■ **WHAT IS BEING ASKED**
Return all the lines below in which the string "lives" appears.

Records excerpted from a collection
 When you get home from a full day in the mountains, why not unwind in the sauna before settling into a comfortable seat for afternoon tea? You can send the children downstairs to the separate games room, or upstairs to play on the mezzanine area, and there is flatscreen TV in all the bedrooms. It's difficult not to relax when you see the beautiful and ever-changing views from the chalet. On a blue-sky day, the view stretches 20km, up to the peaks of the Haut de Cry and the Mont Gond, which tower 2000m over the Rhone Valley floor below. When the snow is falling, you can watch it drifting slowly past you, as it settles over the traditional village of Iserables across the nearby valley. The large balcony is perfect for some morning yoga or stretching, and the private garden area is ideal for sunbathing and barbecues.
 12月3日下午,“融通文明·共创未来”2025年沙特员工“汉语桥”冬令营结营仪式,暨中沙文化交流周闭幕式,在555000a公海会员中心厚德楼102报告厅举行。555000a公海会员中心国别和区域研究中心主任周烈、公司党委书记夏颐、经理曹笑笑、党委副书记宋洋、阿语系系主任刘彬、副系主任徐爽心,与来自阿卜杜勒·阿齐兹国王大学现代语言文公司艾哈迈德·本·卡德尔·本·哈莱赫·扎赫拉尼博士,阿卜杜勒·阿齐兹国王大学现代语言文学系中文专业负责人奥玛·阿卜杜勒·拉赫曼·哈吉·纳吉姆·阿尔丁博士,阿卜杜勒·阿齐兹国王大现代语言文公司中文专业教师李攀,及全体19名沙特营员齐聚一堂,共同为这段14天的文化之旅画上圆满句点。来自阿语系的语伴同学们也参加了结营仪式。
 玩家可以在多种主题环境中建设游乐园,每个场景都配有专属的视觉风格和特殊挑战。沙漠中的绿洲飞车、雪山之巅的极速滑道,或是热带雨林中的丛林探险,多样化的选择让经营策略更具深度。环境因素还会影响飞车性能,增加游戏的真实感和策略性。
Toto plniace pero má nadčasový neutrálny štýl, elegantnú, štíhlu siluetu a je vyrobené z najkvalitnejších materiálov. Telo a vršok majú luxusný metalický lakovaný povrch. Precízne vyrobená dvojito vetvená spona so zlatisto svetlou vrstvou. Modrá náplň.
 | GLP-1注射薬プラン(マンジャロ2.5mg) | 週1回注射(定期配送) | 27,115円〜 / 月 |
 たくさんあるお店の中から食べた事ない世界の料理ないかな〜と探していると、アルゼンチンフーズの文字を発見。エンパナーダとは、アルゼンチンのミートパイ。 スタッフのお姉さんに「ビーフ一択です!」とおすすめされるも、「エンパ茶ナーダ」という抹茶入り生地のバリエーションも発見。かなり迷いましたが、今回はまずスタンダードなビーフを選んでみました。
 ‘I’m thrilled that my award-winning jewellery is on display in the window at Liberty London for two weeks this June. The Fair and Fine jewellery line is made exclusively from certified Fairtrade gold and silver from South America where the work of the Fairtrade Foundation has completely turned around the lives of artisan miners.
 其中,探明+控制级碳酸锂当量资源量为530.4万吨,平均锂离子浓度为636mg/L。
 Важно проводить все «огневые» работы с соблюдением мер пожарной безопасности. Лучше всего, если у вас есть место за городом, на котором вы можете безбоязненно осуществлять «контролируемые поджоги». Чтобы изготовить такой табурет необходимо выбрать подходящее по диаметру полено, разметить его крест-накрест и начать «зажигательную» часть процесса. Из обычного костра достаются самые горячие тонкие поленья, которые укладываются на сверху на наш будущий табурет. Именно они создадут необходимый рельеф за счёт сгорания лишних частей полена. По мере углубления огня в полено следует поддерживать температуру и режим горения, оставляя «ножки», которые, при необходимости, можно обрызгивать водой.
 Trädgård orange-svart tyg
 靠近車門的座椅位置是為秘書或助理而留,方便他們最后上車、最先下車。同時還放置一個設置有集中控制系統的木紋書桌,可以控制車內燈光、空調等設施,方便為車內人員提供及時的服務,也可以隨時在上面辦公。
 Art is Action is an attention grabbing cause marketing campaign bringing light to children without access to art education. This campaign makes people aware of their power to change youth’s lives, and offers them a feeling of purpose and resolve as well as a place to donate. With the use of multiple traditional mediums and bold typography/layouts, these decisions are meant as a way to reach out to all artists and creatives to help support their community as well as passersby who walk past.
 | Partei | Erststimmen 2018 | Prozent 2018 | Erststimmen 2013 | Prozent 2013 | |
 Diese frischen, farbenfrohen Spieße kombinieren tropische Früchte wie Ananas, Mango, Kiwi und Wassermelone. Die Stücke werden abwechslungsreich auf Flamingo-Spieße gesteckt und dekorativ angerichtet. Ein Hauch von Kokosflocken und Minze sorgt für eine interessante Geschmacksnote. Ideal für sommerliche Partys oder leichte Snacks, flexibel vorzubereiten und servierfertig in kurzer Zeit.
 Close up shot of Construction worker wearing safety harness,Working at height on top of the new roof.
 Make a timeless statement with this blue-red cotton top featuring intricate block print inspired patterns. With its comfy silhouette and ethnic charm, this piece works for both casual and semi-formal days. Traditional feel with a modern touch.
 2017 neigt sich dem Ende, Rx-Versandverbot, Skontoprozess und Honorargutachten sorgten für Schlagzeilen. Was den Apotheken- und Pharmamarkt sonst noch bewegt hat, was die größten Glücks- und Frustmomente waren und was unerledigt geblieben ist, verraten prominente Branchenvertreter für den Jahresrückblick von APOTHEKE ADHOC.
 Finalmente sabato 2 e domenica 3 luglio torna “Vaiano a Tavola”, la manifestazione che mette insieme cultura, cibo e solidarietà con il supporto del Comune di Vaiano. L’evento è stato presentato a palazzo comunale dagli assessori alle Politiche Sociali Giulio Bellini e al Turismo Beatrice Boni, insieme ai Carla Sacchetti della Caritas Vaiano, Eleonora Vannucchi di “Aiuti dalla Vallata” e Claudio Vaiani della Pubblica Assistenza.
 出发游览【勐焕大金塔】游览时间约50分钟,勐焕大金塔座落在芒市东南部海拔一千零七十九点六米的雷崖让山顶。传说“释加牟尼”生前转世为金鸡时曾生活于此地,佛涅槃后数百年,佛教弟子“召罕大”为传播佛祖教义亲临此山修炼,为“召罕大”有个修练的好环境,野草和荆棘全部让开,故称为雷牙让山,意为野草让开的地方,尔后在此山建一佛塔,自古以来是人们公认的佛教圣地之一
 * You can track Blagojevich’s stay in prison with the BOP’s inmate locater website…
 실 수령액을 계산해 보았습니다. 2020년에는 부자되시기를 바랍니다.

■ **OUTPUT BELOW**
 ‘I’m thrilled that my award-winning jewellery is on display in the window at Liberty London for two weeks this June. The Fair and Fine jewellery line is made exclusively from certified Fairtrade gold and silver from South America where the work of the Fairtrade Foundation has completely turned around the lives of artisan miners.
 Art is Action is an attention grabbing cause marketing campaign bringing light to children without access to art education. This campaign makes people aware of their power to change youth’s lives, and offers them a feeling of purpose and resolve as well as a place to donate. With the use of multiple traditional mediums and bold typography/layouts, these decisions are meant as a way to reach out to all artists and creatives to help support their community as well as passersby who walk past.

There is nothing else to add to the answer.